Context: Evaluation for image augmentation / vision pipelines (e.g. Albucore). We compared NumKong Tensor.minmax() to two-pass NumPy (min + max) on realistic (H, W, C) layouts (channel-last), C-contiguous, flattened to 1D — i.e. global min and max over all pixels, not per-channel axis reductions.

Takeaway (below hardware): On this setup, NumPy was faster for every shape/dtype tested. We are not planning to route global min+max through NumKong minmax() for contiguous flat buffers unless future versions or other CPUs change that.


Reference snippet (Python)
import time

import numkong as nk
import numpy as np


def median_ms(fn, repeats=11, warmup=3):
    for _ in range(warmup):
        fn()
    times = []
    for _ in range(repeats):
        t0 = time.perf_counter()
        fn()
        times.append((time.perf_counter() - t0) * 1000)
    return float(np.median(times))


rng = np.random.default_rng(0)
for dtype, name in [(np.float32, "float32"), (np.uint8, "uint8")]:
    for h, w, c in [(224, 224, 3), (512, 512, 3), (1024, 1024, 1)]:
        if dtype == np.uint8:
            img = rng.integers(0, 256, size=(h, w, c), dtype=np.uint8)
        else:
            img = rng.random((h, w, c), dtype=np.float32)
        flat = np.ascontiguousarray(img).reshape(-1)
        t = nk.Tensor(flat)
        t_nk = median_ms(lambda: t.minmax())
        t_np = median_ms(lambda: (flat.min(), flat.max()))
        ratio = max(t_nk, t_np) / min(t_nk, t_np)
        winner = "NumPy" if t_np <= t_nk else "NumKong"
        print(f"{name}  {h}x{w}x{c}  n={flat.size}  nk={t_nk:.4f}ms  np={t_np:.4f}ms  -> {winner}  {ratio:.2f}x")

Results (median ms, 11 repeats after 3 warmup, seed=0)

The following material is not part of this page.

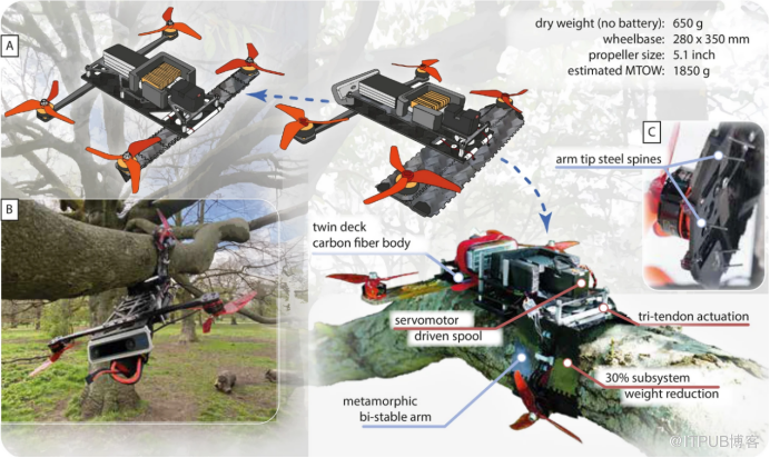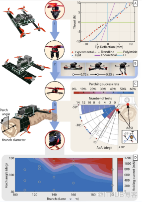 图1:变形栖息四旋翼机器人。( A ) 栖息任务循环与机器人在锁定、解锁和栖息状态下的图纸。( B ) 原型机器人倒挂在一棵英国橡树上的照片。( C ) 嵌入的钢刺横跨扁平解锁臂。

dtype shape (H×W×C) pixels NumKong minmax (ms) np.min + np.max (ms) faster ratio
float32 224 × 224 × 3 150528 0.0336 0.0112 NumPy 3.00×
float32 512 × 512 × 3 786432 0.1746 0.0543 NumPy 3.22×
float32 1024 × 1024 × 1 1048576 0.2328 0.0728 NumPy 3.20×
uint8 224 × 224 × 3 150528 0.0048 0.0038 NumPy 1.24×
uint8 512 × 512 × 3 786432 0.0270 0.0145 NumPy 1.86×
uint8 1024 × 1024 × 1 1048576 0.0325 0.0210 NumPy 1.55×

Environment

  • OS: Darwin, arm64
  • CPU: Apple M4 Max
  • numkong 7.0.0
  • numpy 2.4.2

Caveat: This does not benchmark axis-wise minmax (e.g. per column / per channel along spatial axes). NumKong may still win on other access patterns (e.g. strided column reductions); this table is only global min+max on a contiguous 1D view of an image tensor.